RETARDANTE DEL FUEGO
Drones y “Chivi-Fire”, la fórmula "made in Verín" para luchar contra los incendios
RETARDANTE DEL FUEGO
El producto químico conocido como “Chivi-Fire”, un líquido experimental y ecológico elaborado con materiales biodegradables, económicos y fáciles de adquirir, no para de despertar interés. Tras obtener el primer premio del IV festival científico CinVigo, ahora ha sido el Concello de Verín el que se ha fijado en esta innovación creada por un grupo de cinco alumnas de 1º de Bachillerato del Club de Ciencia del instituto Xesús Taboada Chivite.
El plan municipal, que busca equipar dispositivos de observación aérea con el “Chivi-Fire” para prevenir incendios, fue toda una “sorpresa” para las estudiantes, que conocieron los detalles durante la recepción institucional en el Concello que les brindó el alcalde, Gerardo Seoane, y el teniente de alcalde, Diego Lourenzo, para felicitarlas por su galardón en Vigo. Los representantes les explicaron su intención de aprovechar el retardante eficaz que han creado, capaz de sofocar las llamas mejor y más rápidamente que el agua, con el fin de combatir los focos de incendios.
Así, el invento escolar saltará de las aulas a la aplicación práctica, formando parte de un sistema integral de vigilancia e intervención temprana en el que también jugarán un papel importante una serie de “globos cautivos”. Una vez localizado el fuego, entrarían en acción medios no tripulados dotados con depósitos cargados con “Chivi-Fire”, que permitiría contener la propagación inicial de las llamas y ganar un tiempo vital hasta la llegada de los servicios de extinción convencionales.

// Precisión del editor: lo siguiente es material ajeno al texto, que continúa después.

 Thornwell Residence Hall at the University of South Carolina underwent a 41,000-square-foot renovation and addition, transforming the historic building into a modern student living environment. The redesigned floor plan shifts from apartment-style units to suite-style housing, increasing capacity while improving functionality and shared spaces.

Las creadoras del líquido ignífugo, Alba Estévez, Doaa Garçan, Eva Alonso, Laura López y Lucía Álvarez, están “pletóricas” por la aceptación que está teniendo su invento. Garçan explica que la idea surgió durante una entrevista con Cristóbal Medeiros, de la BRIF Laza, en el marco de su proyecto para este curso, “Incendios forestais: antes, durante e despois do lume”. A raíz de ello, su profesor Pablo Blanco les pidió que desarrollaran una fórmula, para la que optaron por sales como el “fosfato monoamónico, que para la reacción química del fuego”.
Tras dar con la tecla con la composición, solo faltaba la parte más importante de todo proceso científico: experimentar y poner a prueba su invención. Las cinco estudiantes fueron calibrando distintas concentraciones y comprobando la capacidad del “Chivi-Fire” aplicándolo sobre cartón y poliestireno, para después atacarlo directamente con el fuego de un soplete. Las pruebas demostraron que el material tratado resiste el calor intenso sin llegar a arder o retrasando notablemente la aparición de las llamas en comparación con las muestras no protegidas
Además del “Chivi-Fire”, las alumnas también han desarrollado una app para priorizar los desbroces en el monte y las “Chivi-Seeds”, biocápsulas con semillas para reforestar el terreno quemado. Pablo Blanco, quien se muestra "orgulloso" con sus pupilas, tan solo pide “prudencia” mientras buscan formas para hacer que sus inventos ayuden lo máximo posible.